Each leading nonzero entry in a row is to the right of the leading nonzero entry in the preceding row.
Each pivot (leading nonzero entry) is equal to 1 (we get this by default for our problem).
Each pivot is the only nonzero entry in its column.

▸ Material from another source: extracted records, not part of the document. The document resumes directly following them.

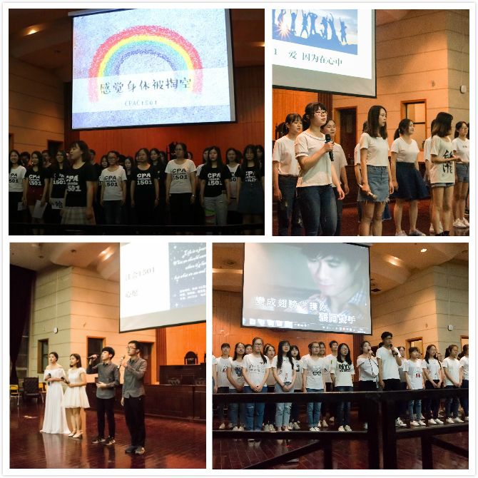 其中CPAC1501、国会1501、会计1501、注会1501分别带来四首合唱——“感觉身体被掏空”、“爱,因为在心中”、“情歌王”、“心愿”。或歌词新颖、创意十足,或悠扬婉约,或真挚动人,给观众们带来了一场听觉盛宴。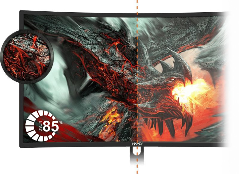 Monitory z serii Optix G241VC korzystają z wysokiej jakości zakrzywionych paneli Samsung, które charakteryzują się wieloma istotnymi dla graczy cechami, pomagającymi im cieszyć się wspaniałym światem gier. W porównaniu z ekranami o zakrzywieniu 4000R lub 3000R, panel o promieniu krzywizny 1800R jest dla oczu najbardziej komfortowym wyświetlaczem, który doskonale nadaje się do większości typowych zastosowań.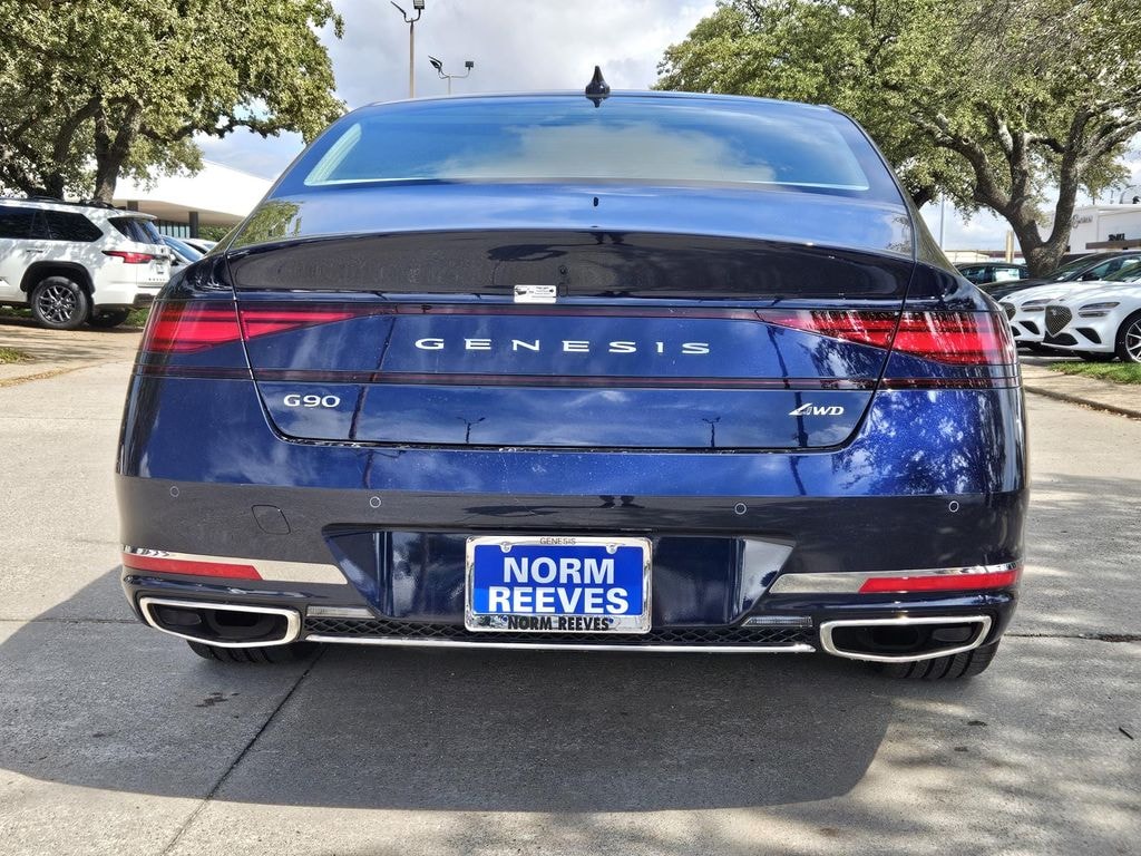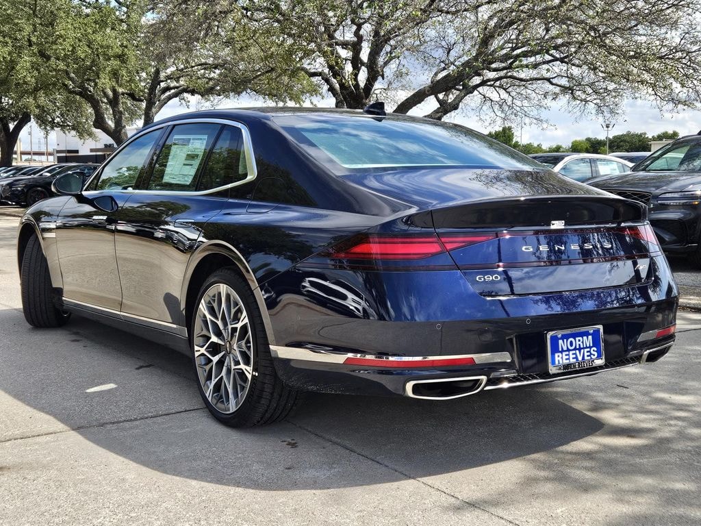 This 2026 Capri Blue Genesis G90 3.5T e-SC AWD is well equipped and includes these features and benefits: Option Group 01, 4-Wheel Disc Brakes, ABS brakes, Adaptive suspension, Air Conditioning, Alloy wheels, AM/FM radio: SiriusXM, Anti-whiplash front head restraints, Auto High-beam Headlights, Auto tilt-away steering wheel, Auto-dimming door mirrors, Auto-dimming Rear-View mirror, Automatic temperature control, Brake assist, Bumpers: body-color, Cargo Block, Compass, Delay-off headlights, Driver door bin, Driver vanity mirror, Dual front impact airbags, Dual front side impact airbags, Electronic Stability Control, Emergency communication system: Genesis Connected Services, Exterior Parking Camera Rear, First Aid Kit, Four wheel independent suspension, Front anti-roll bar, Front Bucket Seats, Front Center Armrest, Front dual zone A/C, Front reading lights, Fully automatic headlights, Garage door transmitter: HomeLink, Genuine wood console insert, Heads-Up Display, Heated & Ventilated Front Bucket Seats, Heated front seats, Heated rear seats, Heated steering wheel, Illuminated entry, Knee airbag, Low tire pressure warning, Memory seat, Nappa Leather Seating Surfaces, Navigation System, Occupant sensing airbag, Outside temperature display, Overhead airbag, Overhead console, Panic alarm, Passenger door bin, Passenger vanity mirror, Power adjustable rear head restraints, Power door mirrors, Power driver seat, Power moonroof, Power passenger seat, Power steering, Power windows, Radio data system, Radio: AM/FM Bang & Olufsen 3D Prem Audio System, Rain sensing wipers, Rear air conditioning, Rear anti-roll bar, Rear reading lights, Rear seat center armrest, Rear side impact airbag, Rear Window Blind, Rear window defroster, Remote keyless entry, Security system, Speed control, Speed-sensing steering, Speed-Sensitive Wipers, Steering wheel memory, Steering wheel mounted audio controls, Tachometer, Telescoping steering wheel, Tilt steering wheel, Traction control, Trip computer, Variably intermittent wipers, Ventilated front seats, Ventilated rear seats, and Wheels: 21" x 8.5J Fr & 21" x 9.5J Rr Alloy.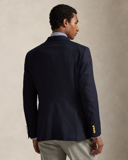 An essential building block of the Ralpthth Lauren look, our iconic Polo blazer is the result of time-honored traditions spanning decades of impeccable design. Its doeskin wool was custom-developed in collaboration with Italian weavers to achieve a finer, softer, and lighter feel than anything before and finished to reduce shine. The soft shoulder, which harkens to classic American haberdashery, is achieved through meticulous interior tailoring that trims excess fabric and padding, followed by a unique pressing process. Fine canvassing combined with an elegant lapel roll and a lower div stance creates an ideal silhouette that can be worn both formally and casually.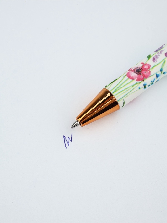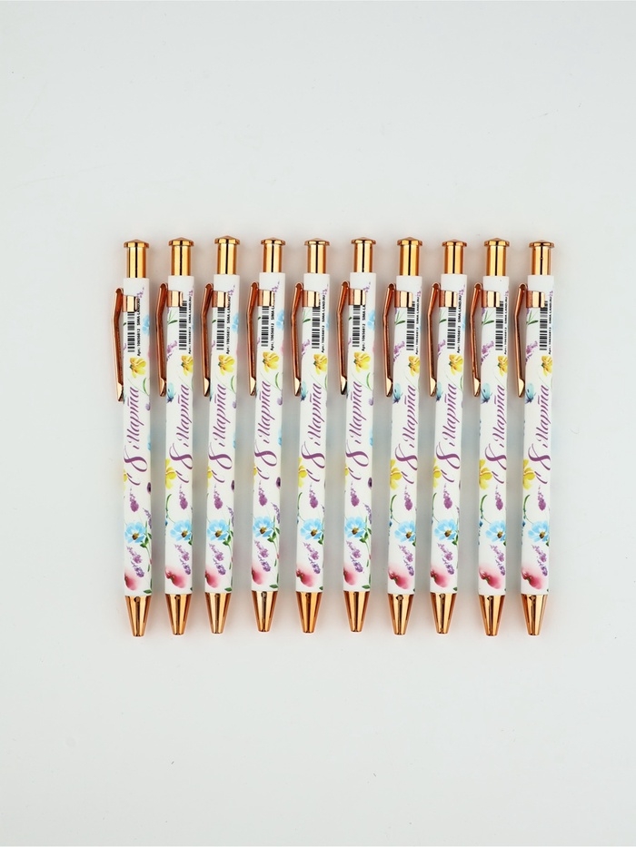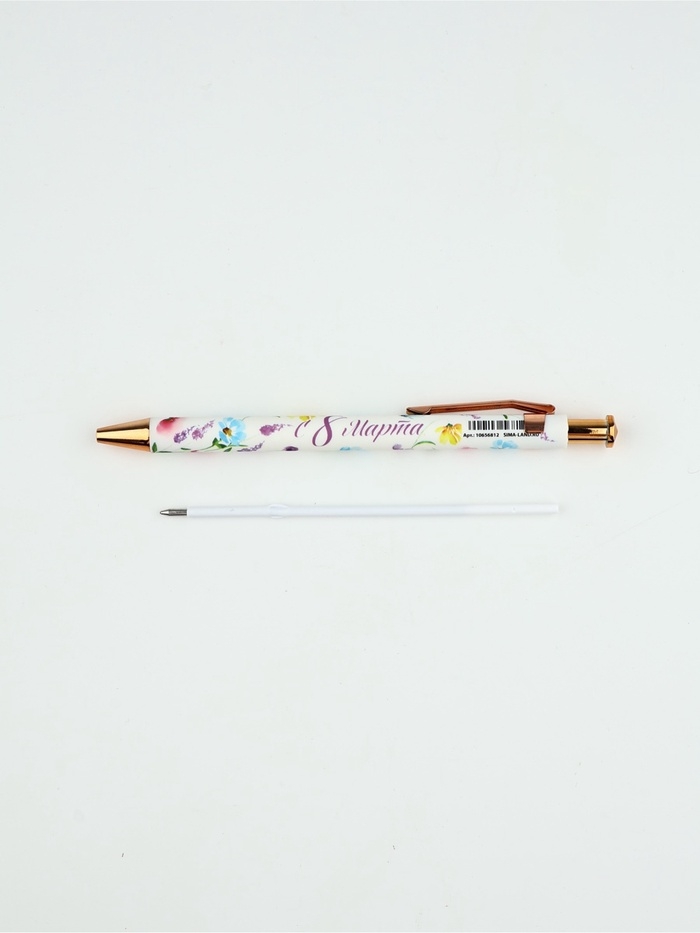 Ручка шариковая синяя паста, пластиковый корпус «С 8 марта сирень»

As it turns out there are five 2x2 and sixteen 3x3 matrices of this form:

`[[1,1],[0,0]]` `[[1,0],[0,1]]` `[[1,0],[0,0]]` `[[0,1],[0,0]]` `[[0,0],[0,0]]`

`[[1,1,1],[0,0,0],[0,0,0]]` `[[1,1,0],[0,0,1],[0,0,0]]` `[[1,1,0],[0,0,0],[0,0,0]]` `[[1,0,1],[0,1,1],[0,0,0]]` `[[1,0,1],[0,1,0],[0,0,0]]` `[[1,0,1],[0,0,0],[0,0,0]]` `[[1,0,0],[0,1,1],[0,0,0]]` `[[1,0,0],[0,1,0],[0,0,1]]` `[[1,0,0],[0,1,0],[0,0,0]]` `[[1,0,0],[0,0,1],[0,0,0]]` `[[1,0,0],[0,0,0],[0,0,0]]` `[[0,1,1],[0,0,0],[0,0,0]]` `[[0,1,0],[0,0,1],[0,0,0]]` `[[0,1,0],[0,0,0],[0,0,0]]` `[[0,0,1],[0,0,0],[0,0,0]]` `[[0,0,0],[0,0,0],[0,0,0]]`

This problem gave me the hankering to develop a formula to determine the number of RCMs with binary entries for a square matrix of order N. The first order of business in this endeavour was to develop a program to count the number of RCMs with binary entries of order N to see if there was an obvious pattern and spot-check the formula once completed.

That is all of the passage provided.